*Task goal*
Copy each line, word for word, from the one with "ระเบิดศึกสำหรับเกมเมอร์ ASCENTI FOOTBALL" through the final line of the listing, but skip the pictures.

[Collected data]

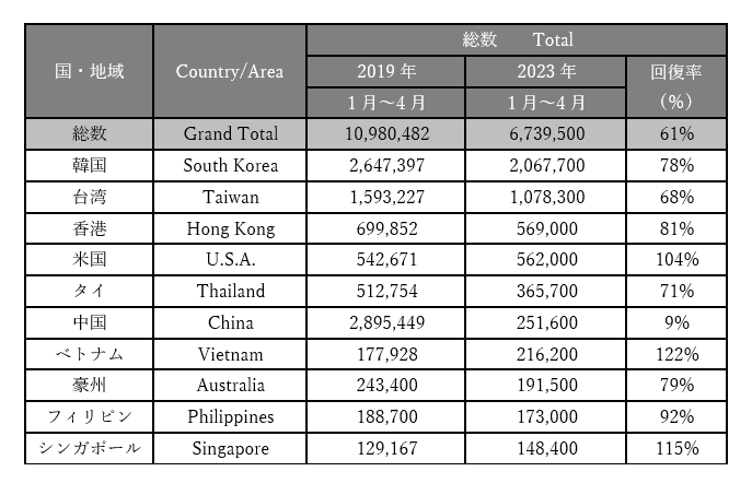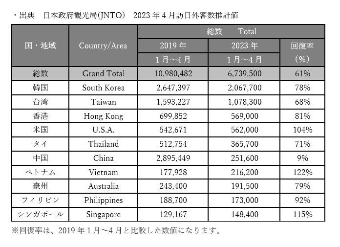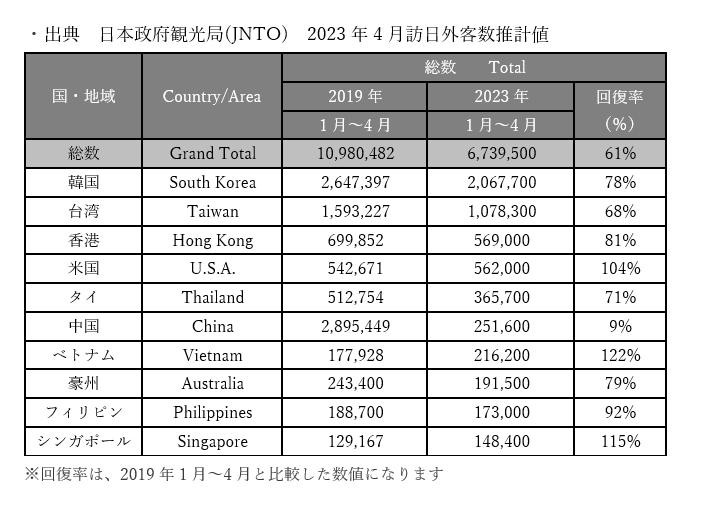 日本政府観光局がまとめた2023年4月の訪日外国人数(推計値)は、先月181万7500人から約13万人増加の194万9100人に上りました。2022年10月の政府による水際対策緩和以降、月間の訪日外国人数は更新し続けており、現在コロナ禍前の60%を越える水準まで回復しています。これから中国本土からのインバウンド観光客が本格的に戻ってくる事を鑑みると、ますます外食業界にとってインバウンド観光客を戦略的に取り込んでいく事が今、求められています。
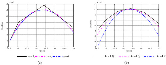 Theoretically modeling and numerically simulating the complex helical surfaces generation at thread whirling, as presented above, allowed the study of several micro-geometric accuracy elements such as the following: the profile errors on the thread flank, in axial section plane, symbolized as Epax (mm); the profile error on the pitch diameter, symbolized as Epdm (mm); the scallop height on the thread flank, in axial section plane, symbolized as hmax (μm); and the local error of the helix pitch, symbolized as Eph0 (mm). As influence factors upon these theoretical errors, the following set of machining conditions were considered: the thread pitch p (mm), the thread external diameter d (mm), the number of cutters on the whirling head zc, the diameter coefficient of whirling process kd defined as the ratio between the diameter D of cutters’ top edge disposal, and d, the whirling head tilting angle β (°), the rotary speed of whirling head nc (rpm) and the rotary speed of workpiece np (rpm). Hereby, the distribution of the profile errors Epax along the thread flank highlighting the influence of parameters zc and kd is exemplified in Figure 4. Some results on the surface irregularities, respectively, on the scallop heights on the thread flank hmax, in axial section plane, were discussed in a previous paper [48].
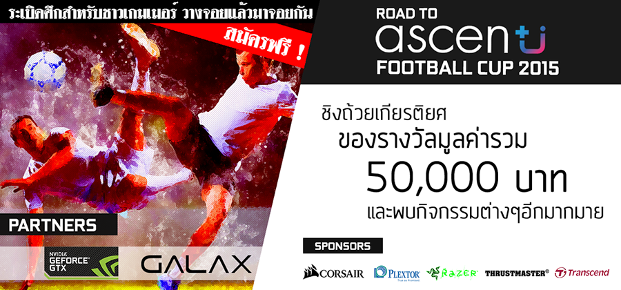 ระเบิดศึกสำหรับเกมเมอร์ ASCENTI FOOTBALL CUP 2015 สมัครฟรี !! ห้ามด้วยประการทั้งปวง
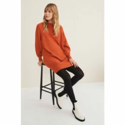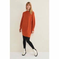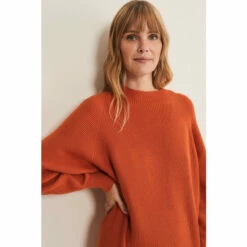 One of our much-loved styles in a brand new shade. Our Eliana jumper dress is designed in a warm knitted fabric with soft ribbed accents to a relaxed silhouette, it features balloon sleeves and a classic high neck. Wear yours with tights and knee high boots for an effortless autumn/winter look.

[/Collected data]

*Written solution*
 ระเบิดศึกสำหรับเกมเมอร์ ASCENTI FOOTBALL CUP 2015 สมัครฟรี !! ห้ามด้วยประการทั้งปวง
 One of our much-loved styles in a brand new shade. Our Eliana jumper dress is designed in a warm knitted fabric with soft ribbed accents to a relaxed silhouette, it features balloon sleeves and a classic high neck. Wear yours with tights and knee high boots for an effortless autumn/winter look.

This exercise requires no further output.